#### [Your assignment]
The answer must reproduce exactly the lines from the one with "Elegante tarjeta de" through the end of the material, and it must contain no pictures.

*** Data under study Section Begins ***

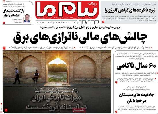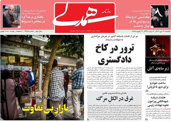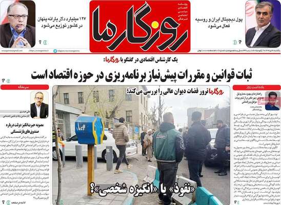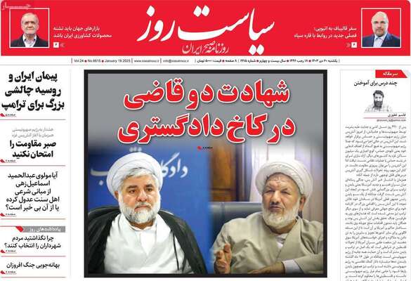 صفحه نخست روزنامههای یکشنبه ۳۰ دی ۱۴۰۳ را که به سناریوهای ترور در کاخ دادگستری، باید باور کنیم که میتوانیم، ضربه اطلاعات سپاه به مراکز قاچاق سوخت و مهمترین رویدادهای ورزشی پرداختهاند؛ در ادامه مشاهده میکنید.
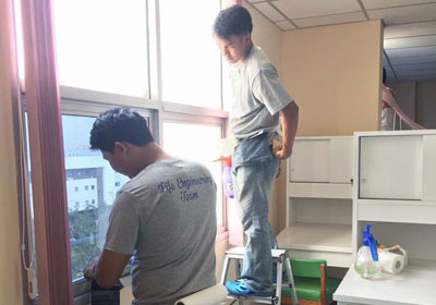 ฉันเป็นเจ้าหน้าที่ของโรงเรียนพยาบาลรามาธิบดีคะ ผลงานการติดฟิล์มกรองแสงอาคารของช่างแขก
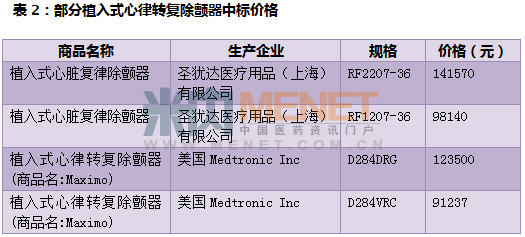 由于当前植入式心律转复除颤器生产技术要求高,在我国市场中暂时被国外企业占领,其价格也因此相对较高,目前产品中标价格主要在10-15万元之间(见表2)。
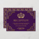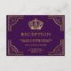 Elegante tarjeta de recepción con un elegante borde dorado ornamentado y hermosa corona en un fondo morado oscuro.
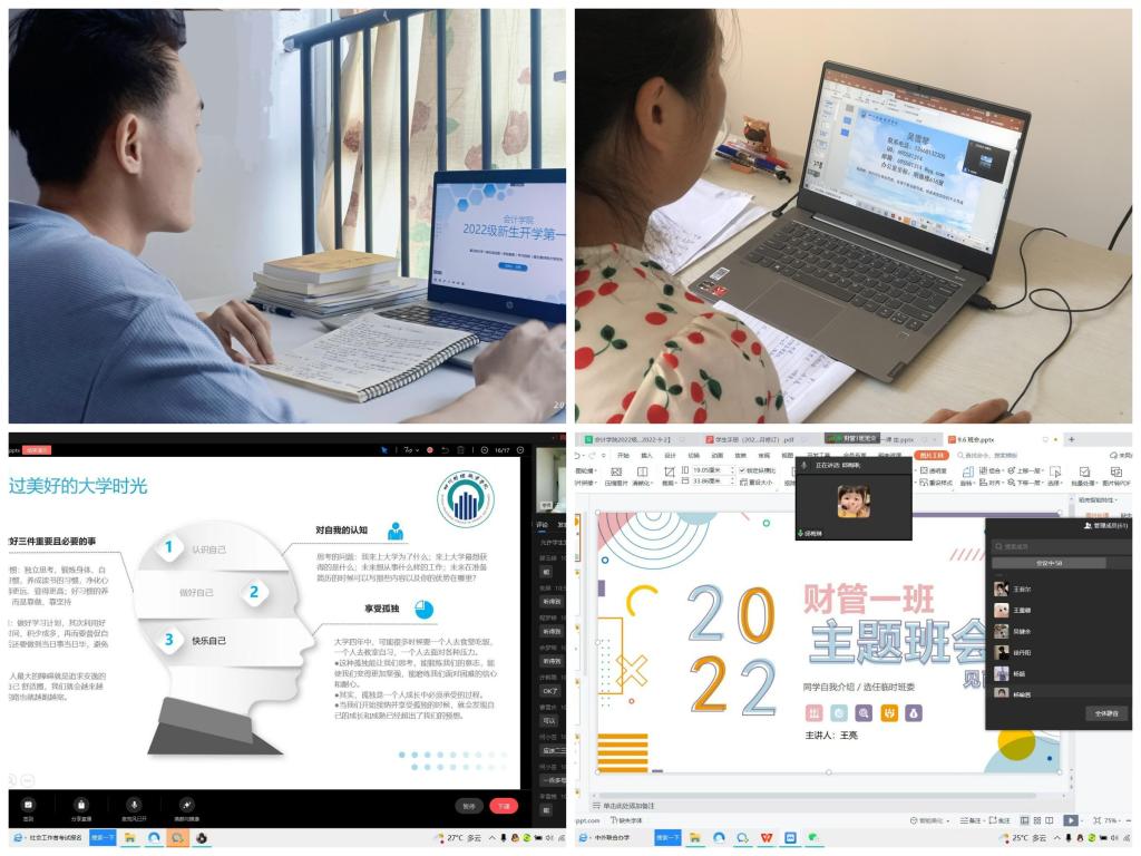 9月6日,疫情期间2022级新生不能到校报道,大家克服重重困难运用智慧校园网络技术顺利的完成了第一天入学教育。2020级辅导员王越、徐嘉励、沙琴玲、吴雪琴、曾露、王亮等分别在云端与同学进行面对面交流,对入学教育安排、学校作息制度、请销假制度、门卫制度、本期教学安排、班委竞选与学生手册答疑等部分内容进行了详细的讲解。各班班导生结合各班实际情况,创新性开展符合班级实际、贴合新生需求的破冰活动,让同学们尽快熟悉起来,为尽快推选出班级班委,组织班级活动开展打良好基础。

*** Data under study Section Ends ***

#### [The completed task]
 Elegante tarjeta de recepción con un elegante borde dorado ornamentado y hermosa corona en un fondo morado oscuro.
 9月6日,疫情期间2022级新生不能到校报道,大家克服重重困难运用智慧校园网络技术顺利的完成了第一天入学教育。2020级辅导员王越、徐嘉励、沙琴玲、吴雪琴、曾露、王亮等分别在云端与同学进行面对面交流,对入学教育安排、学校作息制度、请销假制度、门卫制度、本期教学安排、班委竞选与学生手册答疑等部分内容进行了详细的讲解。各班班导生结合各班实际情况,创新性开展符合班级实际、贴合新生需求的破冰活动,让同学们尽快熟悉起来,为尽快推选出班级班委,组织班级活动开展打良好基础。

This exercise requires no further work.